Twitter and Musk did not immediately respond to requests for comment.
Musk is under pressure to recoup an investment in a site for which he has admitted to overpaying.
He assumed ownership of Twitter last week after striking a deal to buy the website for $44 billion this spring, before angling to exit the purchase and then reentering the agreement as a trial date in a court battle loomed.
Analysts have pegged Twitter’s actual value at closer to $25 billion. Musk has also taken out a more than $12 billion loan to fund the purchase of the site, according to financial filings, putting pressure on him to cut costs and remain solvent in the face of roughly $1 billion per year interest payments on that debt.
Musk is CEO of the new company. Deputies include his attorney, Alex Spiro; investor David Sacks; and Jared Birchall, who manages Musk’s family office.
The layoffs decision came after a weeklong assessment of Twitter, in which Musk and his deputies imposed a product freeze that stopped development on Twitter’s internal projects, brought in Tesla engineers to review Twitter’s code, and left workers waiting in a vacuum of information on the company’s direction and leadership.
Musk was expected to proceed with plans to lay off about 50% of Twitter’s staff, according to people familiar with the matter, who spoke on the condition of anonymity to candidly discuss confidential plans.
Musk began his tenure at Twitter a week earlier by ousting the previous executives, among them the CEO, chief financial officer and general counsel.
The layoffs starting Friday were expected to affect the sales, trust and safety, marketing, product, engineering and legal teams – targeting the company across the board.
In addition to layoffs, Musk is also expected to make drastic cuts to others parts of the business – some so deep that employees are worried about the ability to keep Twitter up and running, according to internal documents viewed by the Post and people familiar with the plans, who spoke on the condition of anonymity for fear of retribution.

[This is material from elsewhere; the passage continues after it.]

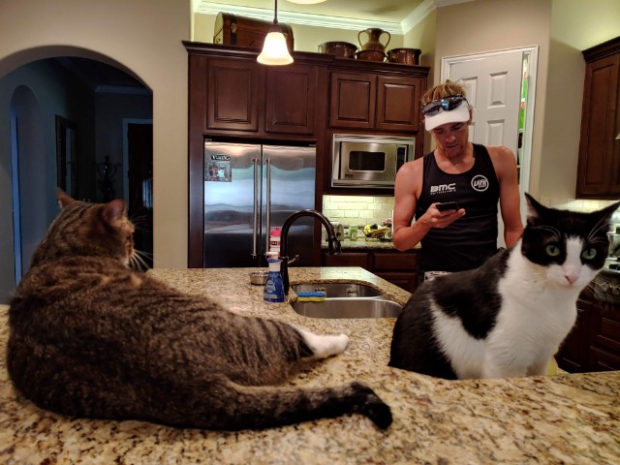 The 2x defending Kona champion is not the only one amused. Gibbons' family dog, Terrwyn, a mini Airedale Terrier, entertains with a series of hot laps in the backyard.
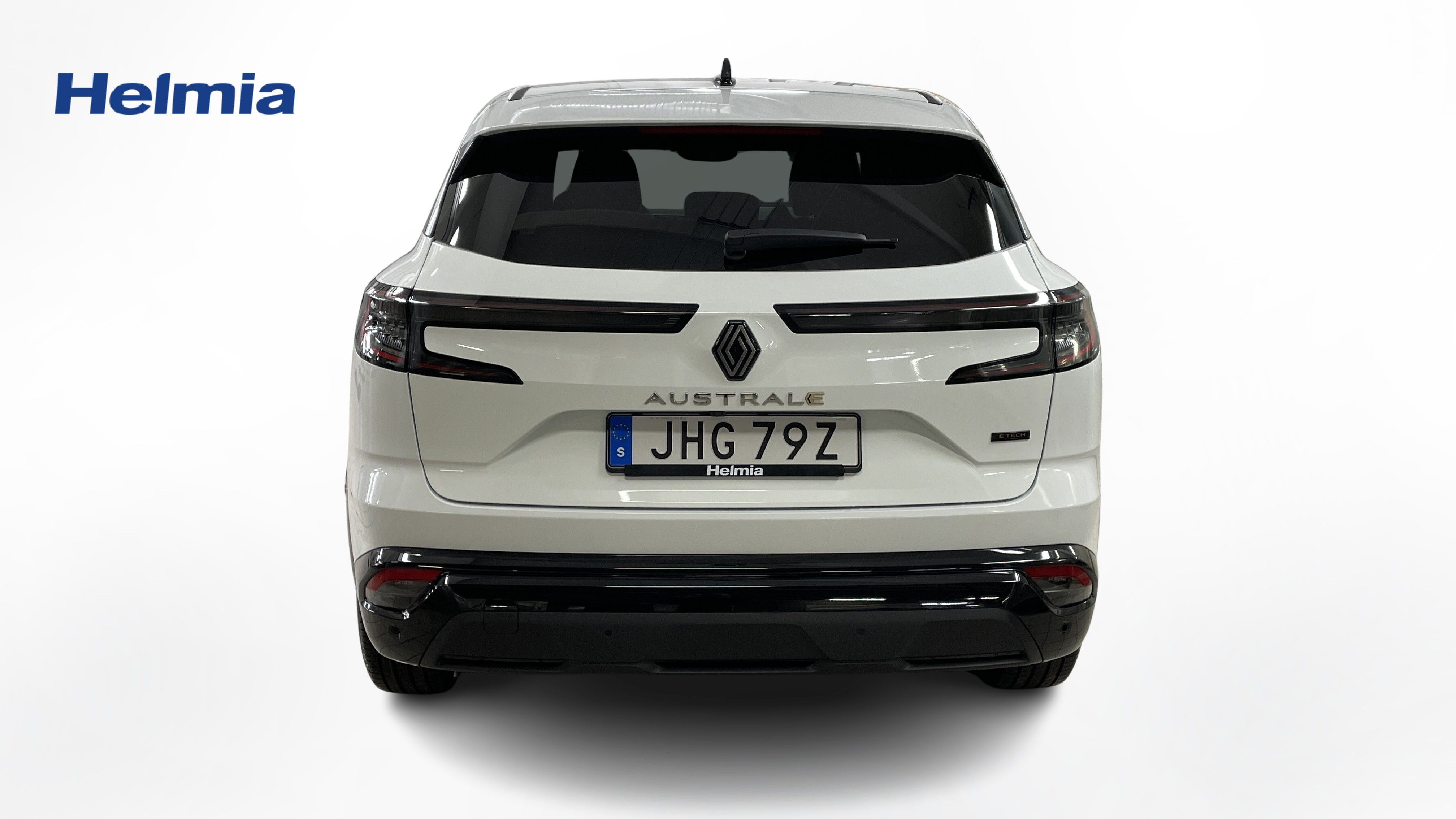 En vit ny Renault Austral E-TECH som är tillverkad 2024 med årsmodell 2025 och har utrustningspaketet med 200 hk. Fordonet finns i Karlstad med reg. nummer JHG79Z, har automat-växellåda och mätarställning är 0 mil. Fordonet har totalt 5 st sittplatser och är kategoriserad som mellanstor suv.

In messages to engineers this week, managers asked workers to suggest ways to find at least $500 million in annual cuts across the company, according to the documents and people. The cuts would include data centers and other software infrastructure needed to run the site, as well as targeting the contract workforce that performs content moderation for Twitter.
Earlier Thursday, amid reports of the impending cuts, Twitter employees prepared for what seemed like an inevitability, refreshing their internal tools such as messaging apps to learn the latest – as the possibility of losing their jobs loomed over them.
But information remained sparse until the email arrived later in the day.
At Twitter’s offices, employees said tearful goodbyes, exchanged contact information and tried to make their documentation easily accessible for the staff members who were to remain.
They wanted to ensure their colleagues could keep the site running in their absence.
Before Musk took over the site, Twitter had planned broad layoffs, which would have affected up to a quarter of the staff, according to people familiar with the plans. The Post reported previously the company’s board was planning to cut thousands of jobs as part of an effort to save $700 million in labor costs.